> [ASSIGNMENT]
Starting with the line that contains "Gminne Spotkanie Wigilijne" and stopping after the line that contains "Сопротивление движению вагона", return each line below exactly as written, with no others.

> [DATA LISTING]

⁂

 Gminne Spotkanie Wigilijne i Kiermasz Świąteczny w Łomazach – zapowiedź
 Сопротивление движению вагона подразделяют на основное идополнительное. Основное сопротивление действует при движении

⁂

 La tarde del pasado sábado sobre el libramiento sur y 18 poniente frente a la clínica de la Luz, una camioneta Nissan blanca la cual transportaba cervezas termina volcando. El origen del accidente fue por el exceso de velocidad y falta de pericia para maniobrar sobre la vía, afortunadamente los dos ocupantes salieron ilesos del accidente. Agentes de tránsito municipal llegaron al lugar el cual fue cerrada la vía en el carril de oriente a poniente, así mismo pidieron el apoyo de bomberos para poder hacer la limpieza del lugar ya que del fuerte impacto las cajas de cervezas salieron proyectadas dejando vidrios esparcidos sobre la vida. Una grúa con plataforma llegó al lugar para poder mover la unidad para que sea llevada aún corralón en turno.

⁂

> [SOLUTION BELOW]
 Gminne Spotkanie Wigilijne i Kiermasz Świąteczny w Łomazach – zapowiedź
 Сопротивление движению вагона подразделяют на основное идополнительное. Основное сопротивление действует при движении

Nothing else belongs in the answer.